** Records for the exercise **
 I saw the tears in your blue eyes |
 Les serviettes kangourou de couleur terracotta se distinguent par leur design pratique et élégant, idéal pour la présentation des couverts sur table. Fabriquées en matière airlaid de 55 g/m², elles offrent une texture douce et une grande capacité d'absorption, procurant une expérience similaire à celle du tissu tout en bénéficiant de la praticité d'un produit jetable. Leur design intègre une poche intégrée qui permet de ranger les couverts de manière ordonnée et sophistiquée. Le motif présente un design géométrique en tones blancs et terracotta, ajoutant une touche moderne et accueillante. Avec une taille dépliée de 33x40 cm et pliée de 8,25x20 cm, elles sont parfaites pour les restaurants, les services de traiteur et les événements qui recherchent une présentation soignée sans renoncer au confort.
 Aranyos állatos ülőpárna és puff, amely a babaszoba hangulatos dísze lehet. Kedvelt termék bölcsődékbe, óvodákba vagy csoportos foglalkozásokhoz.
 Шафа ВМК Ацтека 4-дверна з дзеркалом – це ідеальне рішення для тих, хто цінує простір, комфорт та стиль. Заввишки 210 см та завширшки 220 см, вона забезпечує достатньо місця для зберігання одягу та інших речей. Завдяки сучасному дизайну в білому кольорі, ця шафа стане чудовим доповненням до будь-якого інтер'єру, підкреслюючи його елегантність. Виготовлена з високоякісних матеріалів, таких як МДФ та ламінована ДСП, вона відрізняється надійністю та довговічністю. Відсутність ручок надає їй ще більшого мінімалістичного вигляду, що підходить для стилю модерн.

* * *

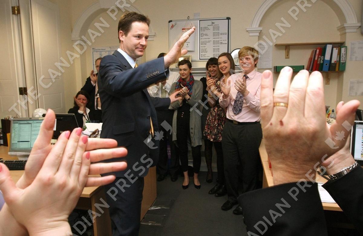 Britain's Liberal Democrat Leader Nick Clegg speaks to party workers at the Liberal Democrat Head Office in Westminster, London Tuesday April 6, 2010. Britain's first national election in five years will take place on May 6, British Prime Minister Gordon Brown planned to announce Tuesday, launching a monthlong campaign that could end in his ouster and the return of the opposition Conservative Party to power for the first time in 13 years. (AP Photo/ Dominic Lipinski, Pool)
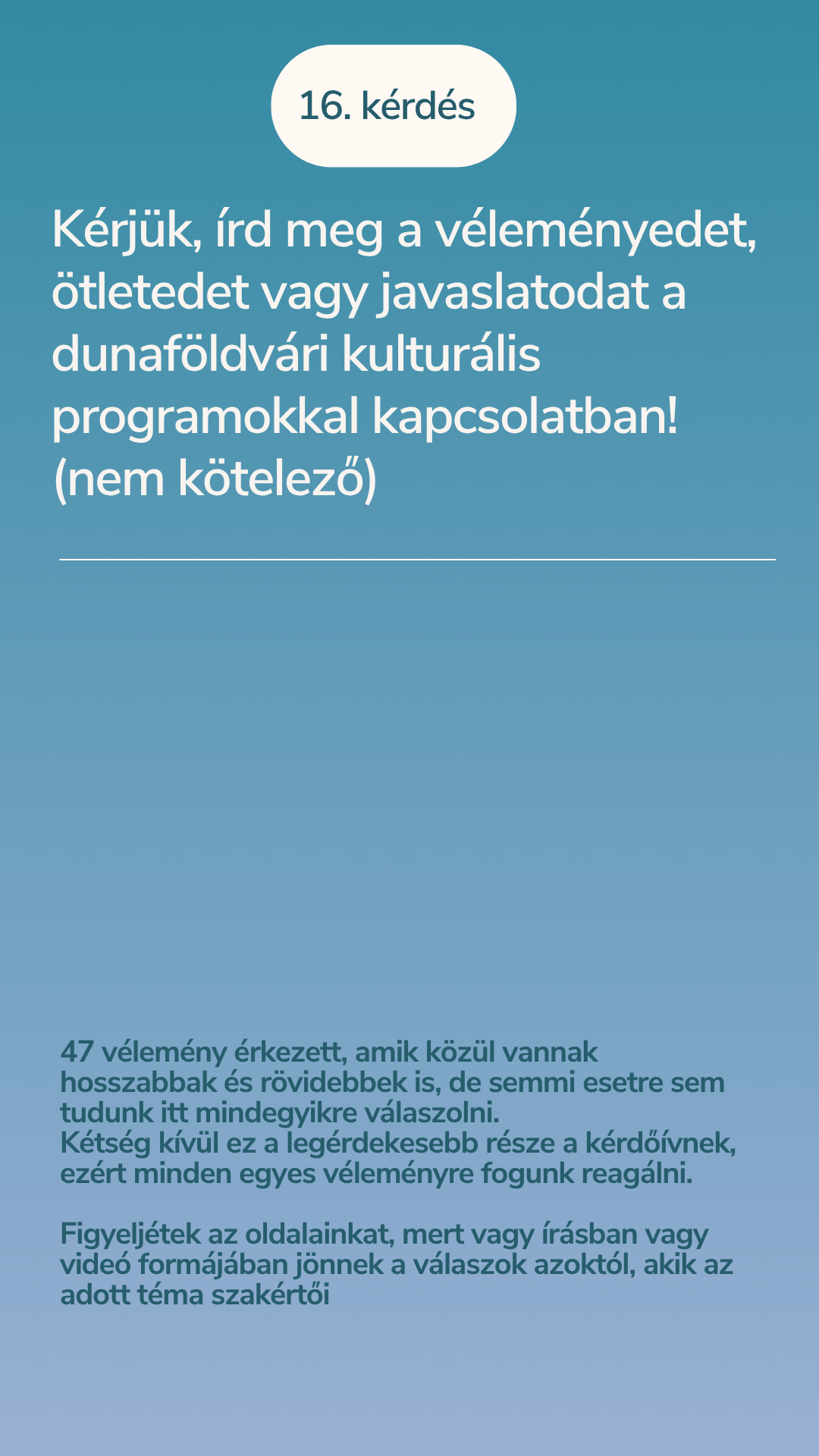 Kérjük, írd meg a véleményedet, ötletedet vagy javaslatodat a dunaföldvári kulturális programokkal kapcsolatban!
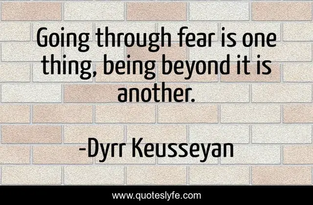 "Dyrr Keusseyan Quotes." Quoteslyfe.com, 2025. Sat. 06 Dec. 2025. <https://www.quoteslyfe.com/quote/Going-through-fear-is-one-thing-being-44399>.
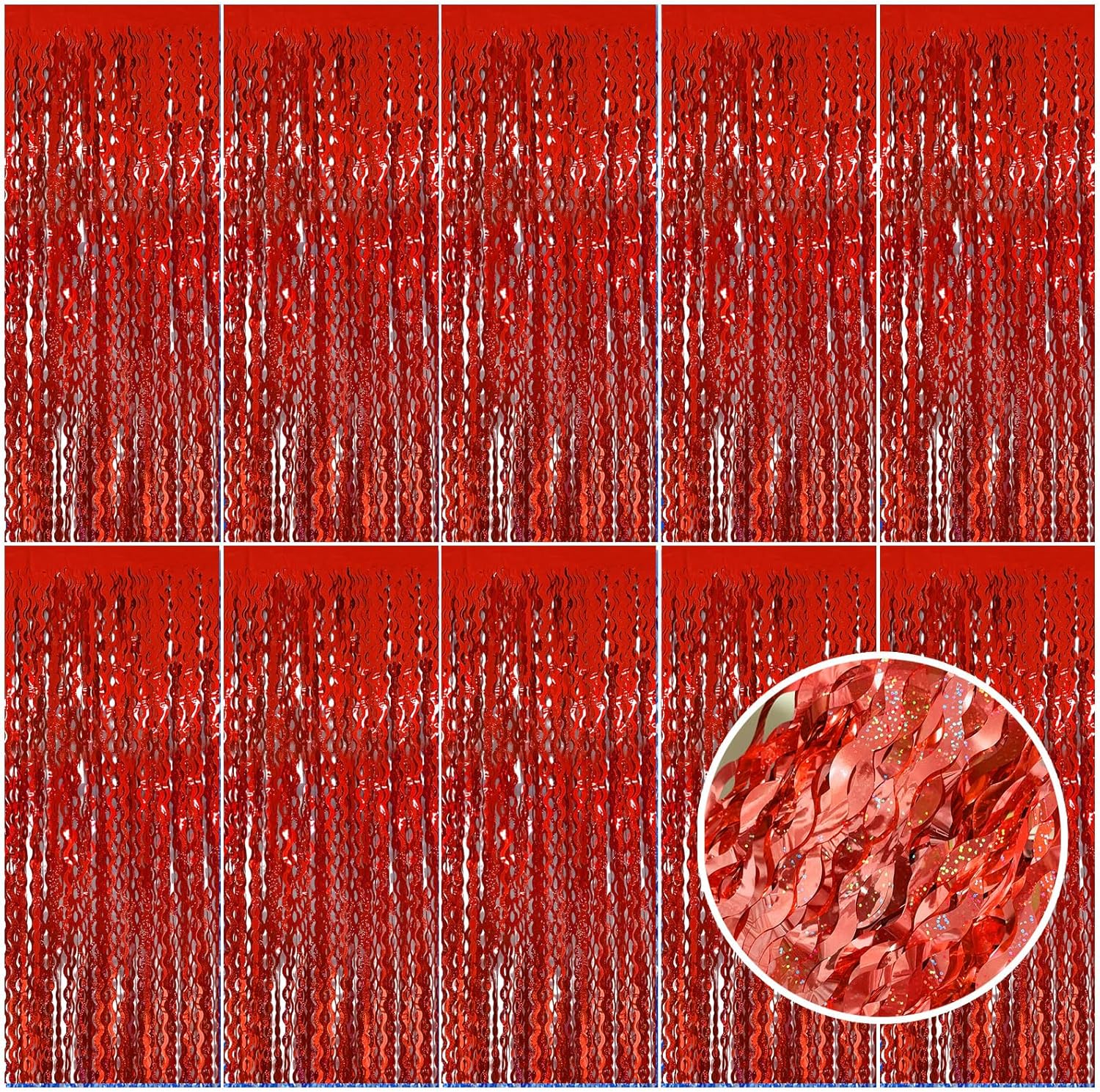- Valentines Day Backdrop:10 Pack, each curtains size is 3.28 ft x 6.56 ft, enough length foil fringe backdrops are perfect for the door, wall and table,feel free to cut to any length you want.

* * *

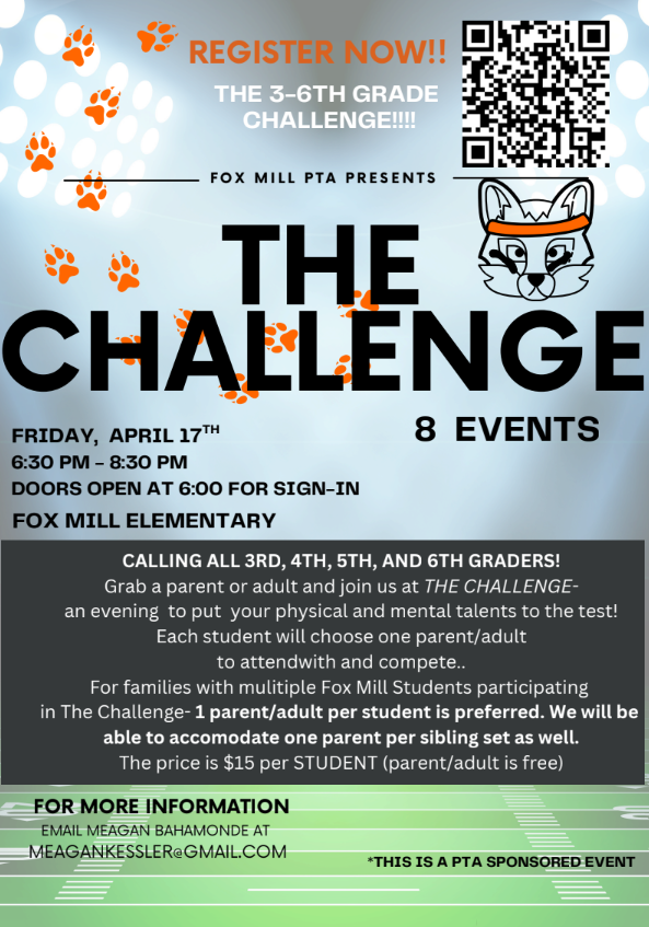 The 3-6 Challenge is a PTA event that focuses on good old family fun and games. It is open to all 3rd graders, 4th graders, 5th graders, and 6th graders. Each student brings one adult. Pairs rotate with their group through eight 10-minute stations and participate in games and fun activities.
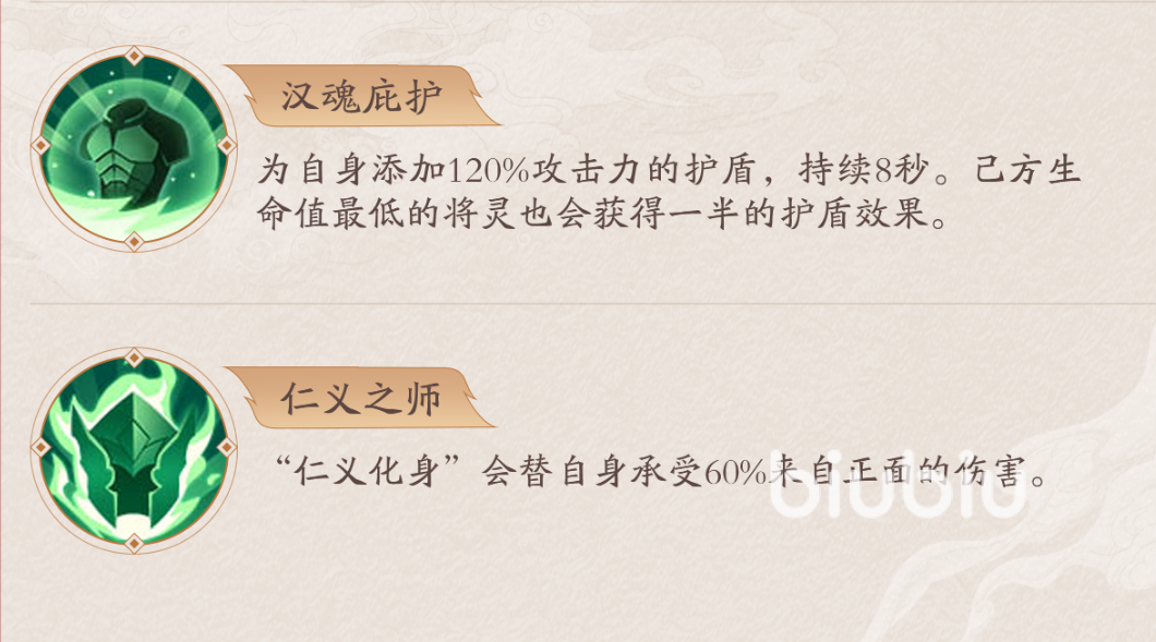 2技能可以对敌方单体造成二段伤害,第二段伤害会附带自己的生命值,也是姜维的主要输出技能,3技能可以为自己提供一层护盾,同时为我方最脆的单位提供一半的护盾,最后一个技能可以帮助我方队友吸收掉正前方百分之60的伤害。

** Task prompt **
The line above containing "I saw the tears in your blue eyes |", the line containing "Les serviettes kangourou", and every line between them are to be transcribed exactly; no other line is wanted.

** Expected answer **
 I saw the tears in your blue eyes |
 Les serviettes kangourou de couleur terracotta se distinguent par leur design pratique et élégant, idéal pour la présentation des couverts sur table. Fabriquées en matière airlaid de 55 g/m², elles offrent une texture douce et une grande capacité d'absorption, procurant une expérience similaire à celle du tissu tout en bénéficiant de la praticité d'un produit jetable. Leur design intègre une poche intégrée qui permet de ranger les couverts de manière ordonnée et sophistiquée. Le motif présente un design géométrique en tones blancs et terracotta, ajoutant une touche moderne et accueillante. Avec une taille dépliée de 33x40 cm et pliée de 8,25x20 cm, elles sont parfaites pour les restaurants, les services de traiteur et les événements qui recherchent une présentation soignée sans renoncer au confort.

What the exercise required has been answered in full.